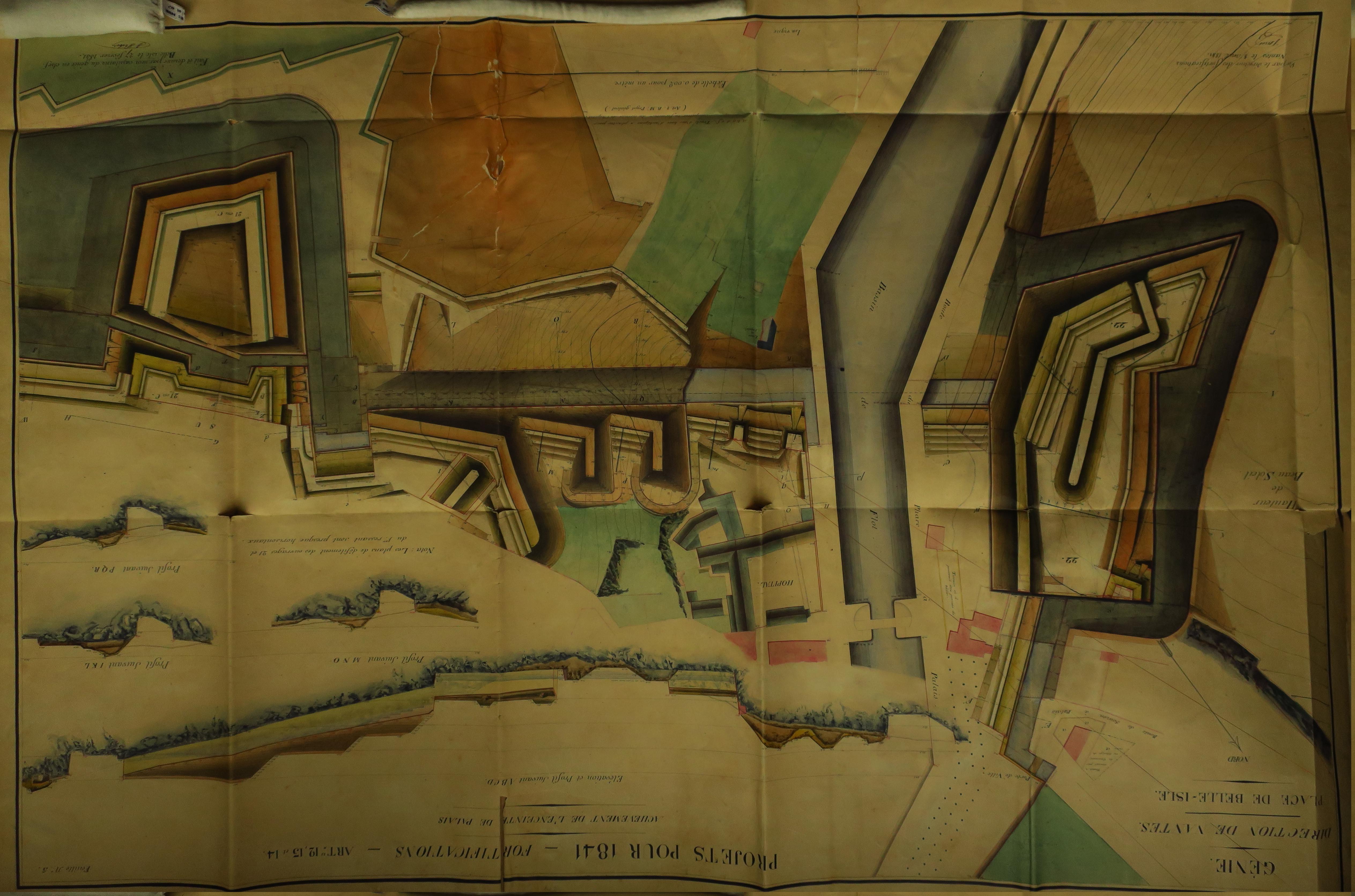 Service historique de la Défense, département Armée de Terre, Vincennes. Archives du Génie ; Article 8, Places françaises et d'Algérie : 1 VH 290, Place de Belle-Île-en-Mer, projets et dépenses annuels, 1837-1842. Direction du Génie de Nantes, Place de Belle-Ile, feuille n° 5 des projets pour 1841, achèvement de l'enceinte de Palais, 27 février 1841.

---

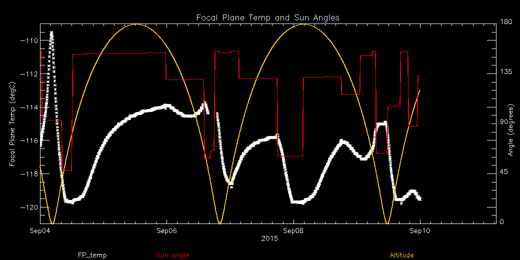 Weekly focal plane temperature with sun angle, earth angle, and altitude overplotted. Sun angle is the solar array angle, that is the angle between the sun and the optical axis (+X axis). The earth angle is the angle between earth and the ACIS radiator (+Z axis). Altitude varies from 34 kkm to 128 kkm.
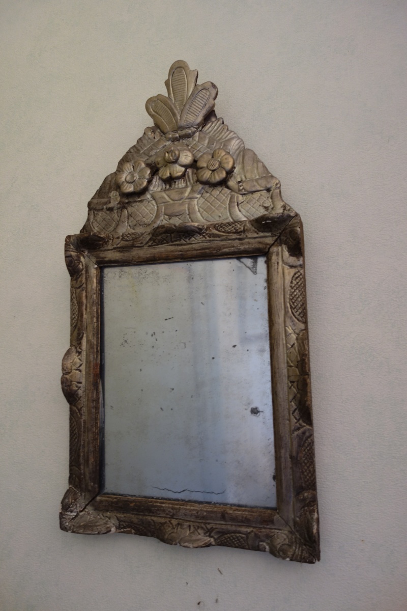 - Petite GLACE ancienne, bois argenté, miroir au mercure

EXERCISE DIRECTIONS —
Exactly the lines above, from the one containing "Weekly focal plane" down to the one containing "- Petite GLACE", are to be repeated, including both ends. Pictures are not part of the copy.

RESULT OF THIS EXERCISE —
 Weekly focal plane temperature with sun angle, earth angle, and altitude overplotted. Sun angle is the solar array angle, that is the angle between the sun and the optical axis (+X axis). The earth angle is the angle between earth and the ACIS radiator (+Z axis). Altitude varies from 34 kkm to 128 kkm.
 - Petite GLACE ancienne, bois argenté, miroir au mercure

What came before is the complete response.